He arrives in London just as the African Society is casting about for a man to explore the interior of Africa. John calls on good Sir Joseph Banks who has so often been his kind and generous friend. Will Mr. Ledyard go to Africa? Yes. And when will he be ready to set out? “Tomorrow morning.” He reaches Cairo in August, and joins a caravan about to journey to Sennaar. “From Cairo I am to travel southwest about three hundred leagues to a black king.” Presently he is attacked by illness, he takes some fearful medicine of the time, shakes his head, and closes his eyes. The fair-haired lad in the sulky, the runaway undergraduate in the great canoe, the sailor, the corporal of marines and “the Great American Traveller” had gone on the longest of his travels.

Because the last years of John Ledyard’s life found him fighting on towards a goal he almost, yet never quite, attained, there are those who see him as a mere picturesque vagabond whose life had no genuine success. What a misinterpretation! The runaway Yankee lad had set out to see the world, and he had done so; indeed, John Ledyard had probably seen more of the vast world than any other being of his time. The vast loneliness of the sea which comes when twilight fades and night begins, blue, cloudy islands seen at dawn, the sounds of rushing brooks in the quiet of green valleys, strange folk making strange music under the moon,—all this he had hungered to see, all this he had seen. He had achieved his ambition in spite of every barrier, he had girdled the earth on a sixpence and a ha’penny.

Even love itself had not held him from his road. In his letters, there is just one little phrase ... “domestic life ... matters I have thought nothing about since I was in love with R. E. of Stonington.” Mysterious R. E., by her Connecticut fireside, did she think of John trudging on, face to the wind and snow, resolutely shaping a reality out of his ambition and his dream?

When Mr.

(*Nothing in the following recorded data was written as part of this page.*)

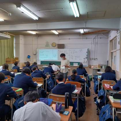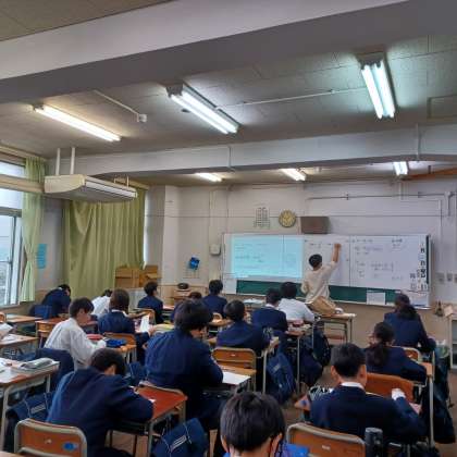 ・今日は、大阪市教育委員会の方に来校していただき、1年1組で数学の研究授業を行いました。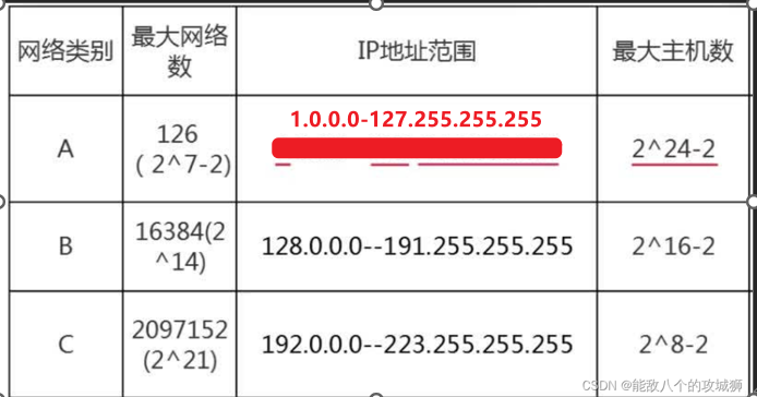 A类地址:第一个字节为网络号,第一个字节的第一位为0,范围1-126,默认子网掩码为255.0.0.0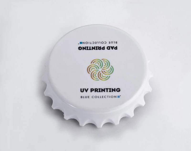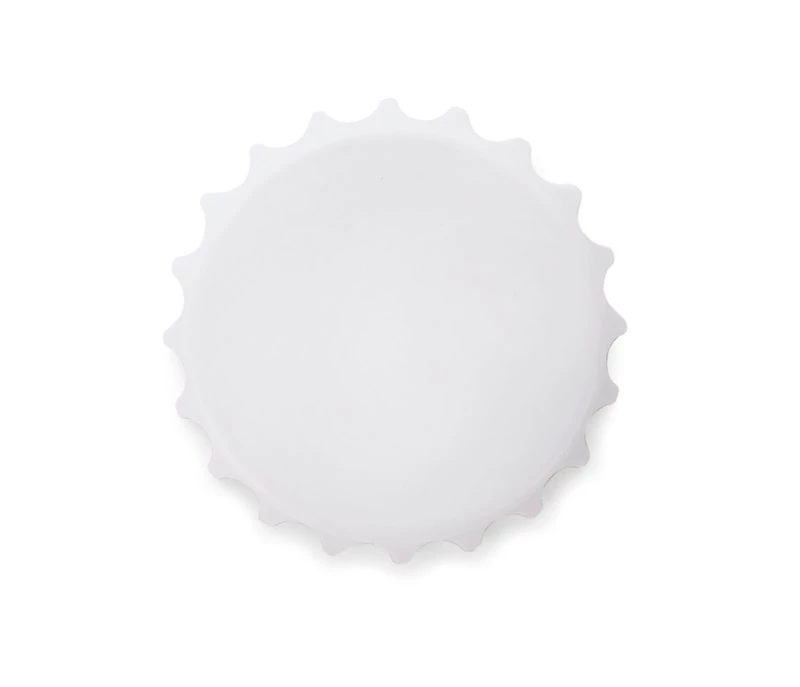 Otwieracz do butelek w kształcie kapsla. Posiada wbudowany magnes, za pomocą którego otwieracz można przymocować do lodówki. Znakowanie logo wykonujemy metodą nadruku.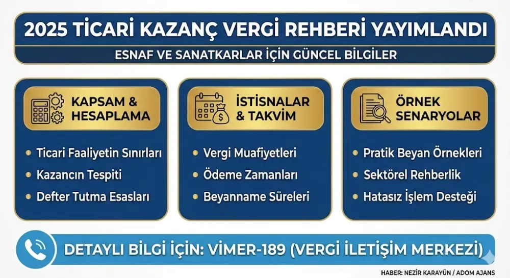 Anahtar Kelimeler: Ticari kazanç rehberi nedir, Vergi beyannamesi nasıl verilir, 2025 vergi takvimi nasıldır, VİMER 189 nedir, Nezir Karayün kimdir, Adom Ajans haberleri nelerdir, Vergi istisnaları nelerdir, Esnaf vergisini nasıl öder,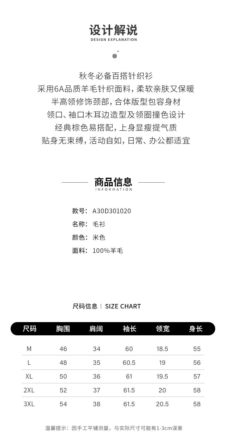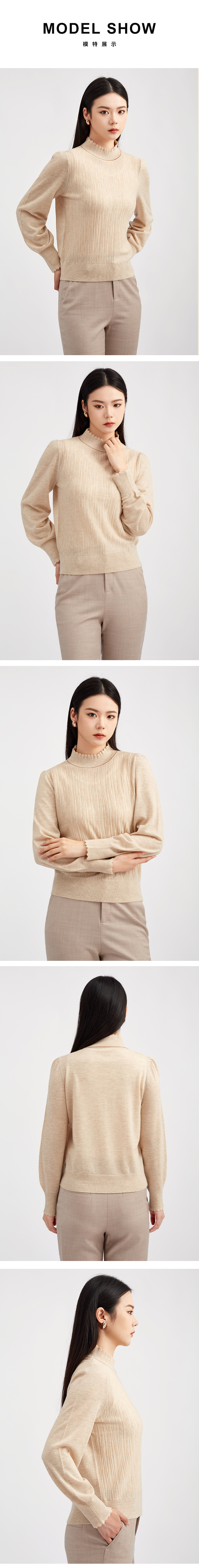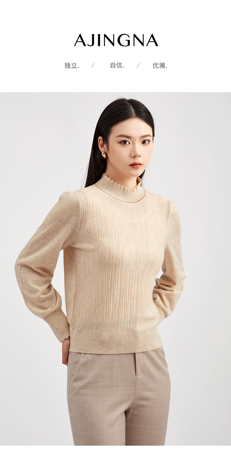 【商场同款】阿菁娜冬季新款木耳领撞色针织衫6A级羊毛修身打底半高领显瘦通勤优雅内搭A30D301020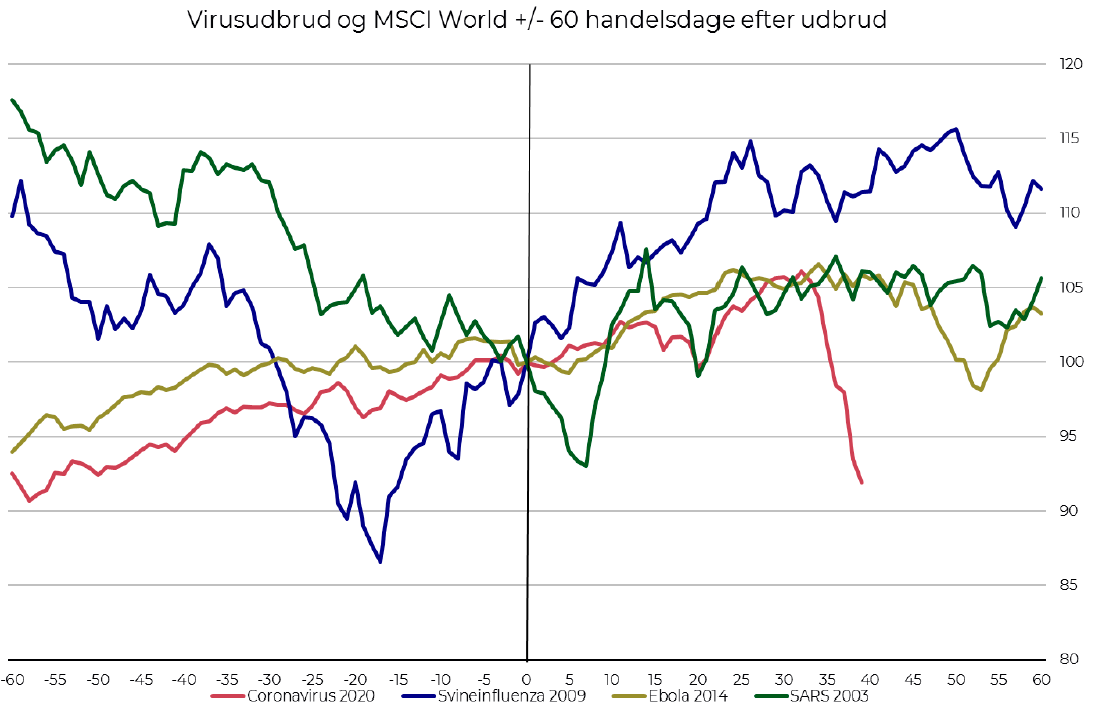 Myndigheder og centralbanker verden over ser dog ud til at være klar over, at epidemien kan ende med at have alvorlige konsekvenser for verdensøkonomien, og de har tilkendegivet, at de er klar til at stimulere markederne, hvis det viser sig nødvendigt. Den kinesiske centralbank har allerede igangsat en lang række infrastruktur investeringer og rentenedsættelser, mens både Bank of Japan samt den amerikanske forbundsbank (FED) har tilkendegivet at de også er klar til at bruge de nødvendige redskaber for forhåbentligvis at undgå en global recession. Bank of Japan har således meddelt, at de vil købe statsobligationer for 500 mia. yen for at give markedsdeltagerne likviditet og understøtte aktiemarkedet. Sammenlignes Coronavirussens indvirkning på markederne med tidligere verdensomspændende epidemier er der også håb forude. Ser man på grafen under, er det svært at spore en entydig sammenhæng. Alle tidligere epidemier ser dog ud til kun at have haft midlertidige konsekvenser.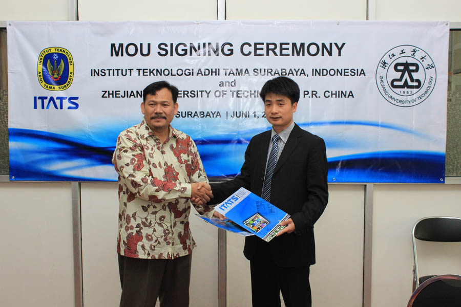 Institut Teknologi Adhi Tama Surabaya kembali menjain kerjasama dengan universitas di luar negeri. Kali ini dengan Zhejiang University of Technology, P. R. China. Kerjasama tersebut ditandatangani oleh kedua belah pihak yaitu perwakilan dari Zhejiang University of Technology, P. R. China dan dari Institut Teknologi Adhi Tama Surabaya diwakili oleh Rektor ITATS Syamsuri, ST., MT., Ph.D.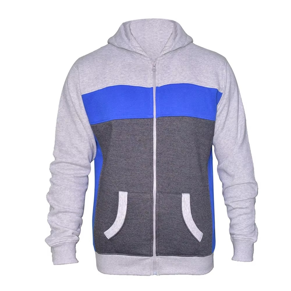 Conjunto Deportivo de Dos Piezas para Hombre, Colección de Invierno, Color Azul y Gris, Bloques de Color, Algodón, Felpa Técnica Personalizada, Ropa Urbana, Venta al por Mayor
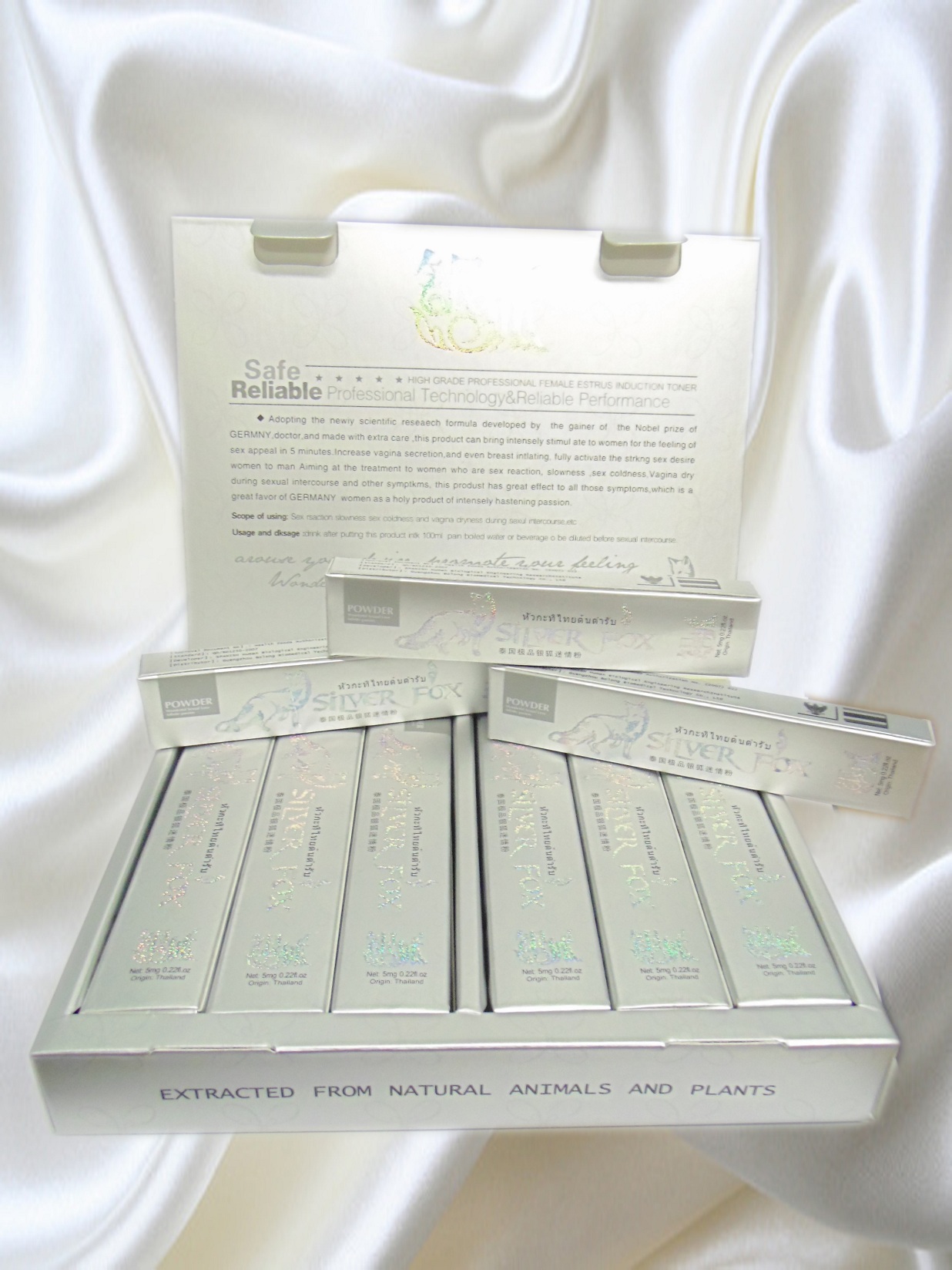 Возбуждающий женский порошок «Серебряная лиса», разработан с использованием широкого спектра целебных растений Таиланда. Препарат обладает быстрым и сильным возбуждающим эффектом для женщин. Женский возбудитель «Серебряная Лиса» не имеет цвета и запаха и полностью растворяется в любом напитке. «Серебряная Лиса» начинает действовать уже через 5 – 10 минут после приёма. Его действие проявляется в усилении влагалищной секреции, чрезвычайном возбуждении и сексуальном влечении женщины к мужчине. Препарат также рекомендуется женщинам, страдающим слабой возбудимостью, отсутствием сексуального желания, сухостью влагалища и другими симптомами нарушения сексуальной функции. При половом акте у женщин происходит усиление выделения влагалищной смазки и сужение мышц влагалища. А также увеличение чувственности и усиление оргазма.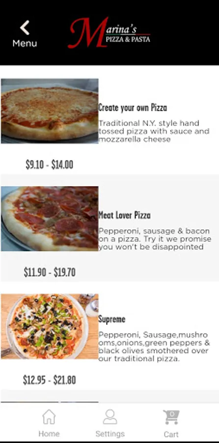 Here at Marina's our recipes date back to 1974 when the Colandrea family immigrated to NY and opened their first pizzeria. We have maintained the same level of quality, care, and love that goes into each pizza for over 40 years.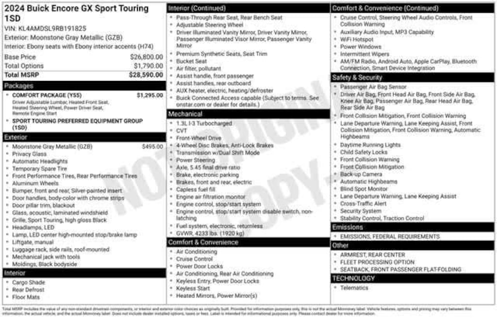 Rear Air, Back-Up Camera, Satellite Radio, iPod/MP3 Input, Onboard Communications System. Buick Sport Touring with Moonstone Gray Metallic exterior and Ebony seats with Ebony interior accents interior features a 3 Cylinder Engine with 155 HP at 5600 RPM*.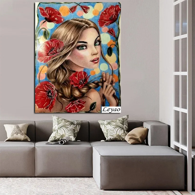 Алмазная живопись, красные цветы, девушка, вышивка крестиком, алмаз...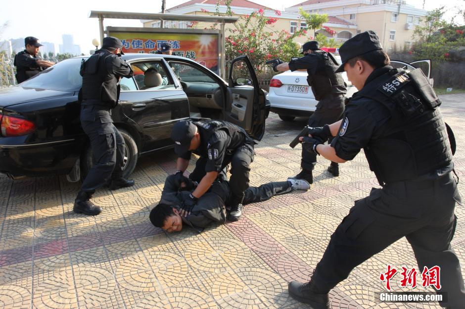 为提高铁路民警反恐处突应急能力,厦门铁路公安处于近日举办了反恐处突应急队培训班,重点训练了实弹射击、队列操练、警务技能、擒敌拳和处置突发事件战术运用等专业科目。厦门铁路公安处辖内厦门、泉州、龙岩和漳州四个地区40余名民警参与培训。图为培训课程结束后,反恐处突应急队进行汇报演练,应急队队员先后进行了射击、警务技能、擒敌拳、处置“武疯子”、处置犯罪嫌疑人在公共场合自焚危害公共安全、车辆拦截等科目的演练。林艺静 摄
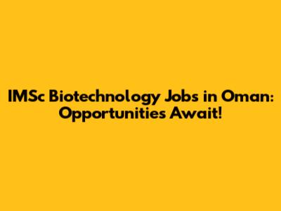 IMSc Biotech Jobs In Oman: Opportunities Await!

Jefferson became president, he often thought of the man he had met in Paris,—the first American to see the northwest coast, the man who had talked to him of the pine-crowded islets, and the inland mountains white with snow. John Ledyard the forerunner. And Mr. Jefferson, bending to his desk, continues to write his precise and careful letter of guidance for Messrs. Lewis and Clark whom he is sending to explore the west. Ledyard. Yes, indeed! I knew him well. A valiant fellow, gentlemen.